Remember why something was a TV show in the first place.


BECAUSE THE IDEA WASN'T GOOD ENOUGH TO BE A MOVIE.


----------



## Nolerama (Jun 19, 2009)

ALF! Lol!

:lfao:


----------



## arnisador (Jun 19, 2009)

Lol!


----------



## Omar B (Jun 19, 2009)

Funny.  But personally I prefer TV to movies in opposition to the idea that it wasn't good enough to be a movie is why it's on TV.  With a movie you may have the budget, and the big studio behind it to push the project and promotion.  But TV has the time (not to mention production values are almost equal now) to develop a really good arc that could not be covered in a 2 hour movie.  Think of Battlestar Galactica, Star Trek DS9, Lost, X-Files, Babylon 5, Stargate Atlantis, Farscape, the list goes on of stories that take years to be told properly.  Also, character development happens in a more natural way rather than the movie's forced time frame.


----------



## Aikikitty (Jun 19, 2009)

LOL!!! :lfao: :lfao::lfao:


----------



## Ken Morgan (Jun 19, 2009)

Oh yeah, like I'm going to be able to sleep tonight.....thanks.


----------



## Big Don (Jun 19, 2009)

Ken Morgan said:


> Oh yeah, like I'm going to be able to sleep tonight.....thanks.


Anytime.
It was the Care Bears and My Little Pony that did it, right?


----------



## Ken Morgan (Jun 19, 2009)

Big Don said:


> Anytime.
> It was the Care Bears and My Little Pony that did it, right?


 
Yeah.
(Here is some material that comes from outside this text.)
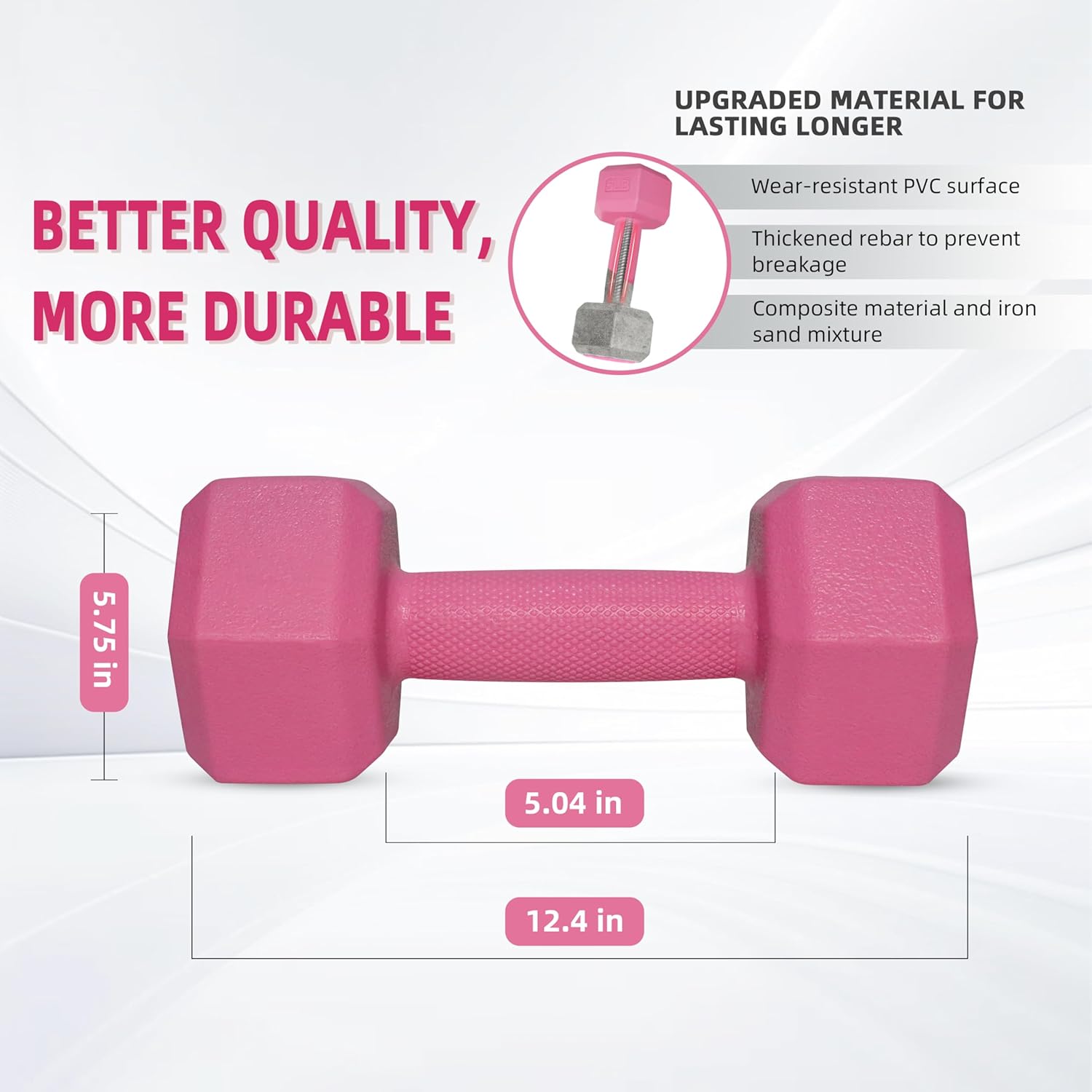 [MORE DURABLE] Constructed with premium composite materials and filled with a cement mixture, the dumbbell features a reinforced steel bar in the center, making it less prone to breakage and more durable.

And I still have a stuffed ALF buried in my closet, I may have to keep my sword nearby tonight.


----------



## Big Don (Jun 19, 2009)

Ken Morgan said:


> Yeah. And I still have a stuffed ALF buried in my closet, I may have to keep my sword nearby tonight.


Alf is only a danger to cats, temptation makes me want to use the phrase "don't be a *****" but, I won't...


----------



## Ken Morgan (Jun 19, 2009)

Big Don said:


> Alf is only a danger to cats, temptation makes me want to use the phrase "don't be a *****" but, I won't...


 
LOL! :lfao:


----------